Find the string "building" in the data, then copy every line where it is found.

··· SUPPLIED DATA

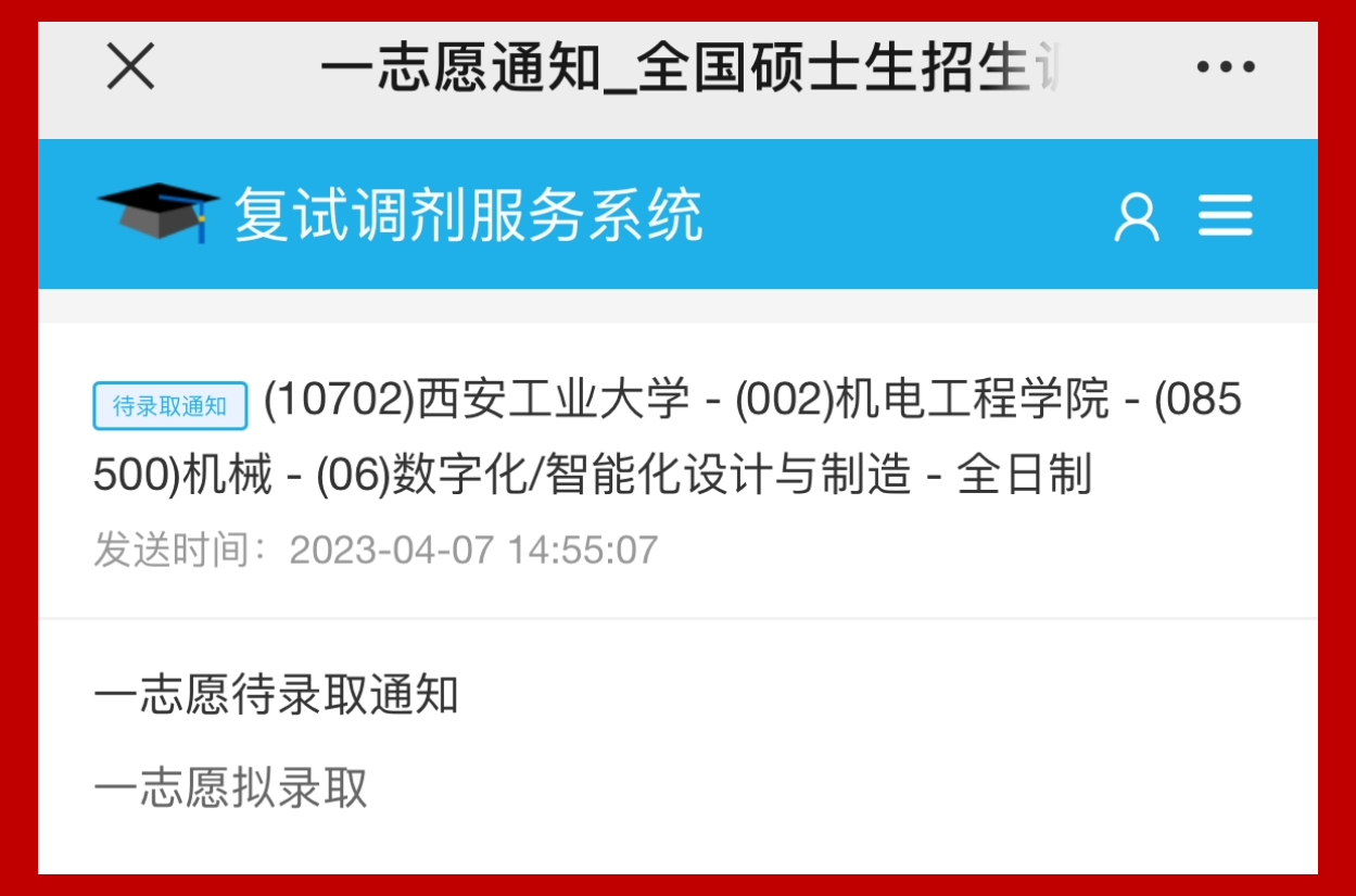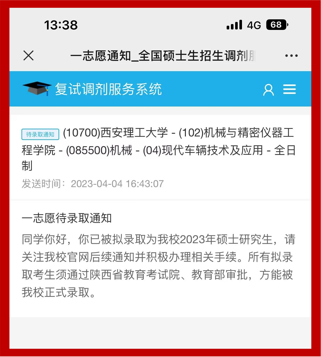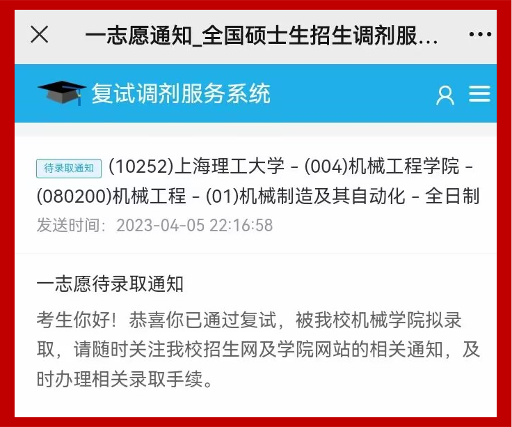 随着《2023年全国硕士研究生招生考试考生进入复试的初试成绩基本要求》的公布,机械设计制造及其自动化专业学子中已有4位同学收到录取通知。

······
··· SUPPLIED DATA

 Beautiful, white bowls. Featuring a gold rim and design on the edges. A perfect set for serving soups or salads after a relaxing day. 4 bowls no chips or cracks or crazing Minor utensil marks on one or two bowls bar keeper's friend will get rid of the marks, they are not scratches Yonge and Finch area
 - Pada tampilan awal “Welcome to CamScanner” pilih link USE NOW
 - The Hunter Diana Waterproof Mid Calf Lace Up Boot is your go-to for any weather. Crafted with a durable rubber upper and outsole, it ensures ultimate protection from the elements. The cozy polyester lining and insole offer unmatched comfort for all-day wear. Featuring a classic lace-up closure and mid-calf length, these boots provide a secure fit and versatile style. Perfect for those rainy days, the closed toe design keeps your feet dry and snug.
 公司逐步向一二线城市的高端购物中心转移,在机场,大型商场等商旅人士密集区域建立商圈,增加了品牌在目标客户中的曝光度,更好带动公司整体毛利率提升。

······
··· SUPPLIED DATA

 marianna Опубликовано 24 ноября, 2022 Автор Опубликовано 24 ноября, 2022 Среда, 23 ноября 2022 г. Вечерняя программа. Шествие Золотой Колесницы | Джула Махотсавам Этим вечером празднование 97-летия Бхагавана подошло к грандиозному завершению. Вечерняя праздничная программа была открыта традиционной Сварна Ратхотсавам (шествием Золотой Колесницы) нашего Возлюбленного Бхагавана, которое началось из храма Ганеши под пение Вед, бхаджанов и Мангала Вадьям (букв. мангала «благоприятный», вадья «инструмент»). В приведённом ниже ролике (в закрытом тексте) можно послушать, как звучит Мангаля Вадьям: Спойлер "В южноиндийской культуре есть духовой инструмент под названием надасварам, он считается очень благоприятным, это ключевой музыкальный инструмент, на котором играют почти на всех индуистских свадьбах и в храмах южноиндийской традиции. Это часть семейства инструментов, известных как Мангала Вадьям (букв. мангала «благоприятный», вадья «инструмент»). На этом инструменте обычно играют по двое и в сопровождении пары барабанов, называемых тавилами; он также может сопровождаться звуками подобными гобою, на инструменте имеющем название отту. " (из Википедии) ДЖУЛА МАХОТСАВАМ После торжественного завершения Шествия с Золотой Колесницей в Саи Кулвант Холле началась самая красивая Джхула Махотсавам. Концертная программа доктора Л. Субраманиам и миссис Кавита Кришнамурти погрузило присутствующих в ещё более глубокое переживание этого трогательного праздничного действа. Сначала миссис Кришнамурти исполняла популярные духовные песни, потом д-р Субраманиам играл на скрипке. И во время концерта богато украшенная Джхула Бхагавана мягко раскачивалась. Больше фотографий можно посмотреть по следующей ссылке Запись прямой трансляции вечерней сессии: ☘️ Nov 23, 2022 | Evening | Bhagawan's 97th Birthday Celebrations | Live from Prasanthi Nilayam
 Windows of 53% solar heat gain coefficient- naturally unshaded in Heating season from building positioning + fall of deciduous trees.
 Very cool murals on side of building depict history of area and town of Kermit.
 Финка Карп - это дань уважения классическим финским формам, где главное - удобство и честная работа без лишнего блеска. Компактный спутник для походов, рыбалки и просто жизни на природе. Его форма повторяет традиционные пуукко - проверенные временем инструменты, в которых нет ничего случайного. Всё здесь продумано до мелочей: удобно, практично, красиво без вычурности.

······

[EXERCISE RESPONSE]
 Windows of 53% solar heat gain coefficient- naturally unshaded in Heating season from building positioning + fall of deciduous trees.
 Very cool murals on side of building depict history of area and town of Kermit.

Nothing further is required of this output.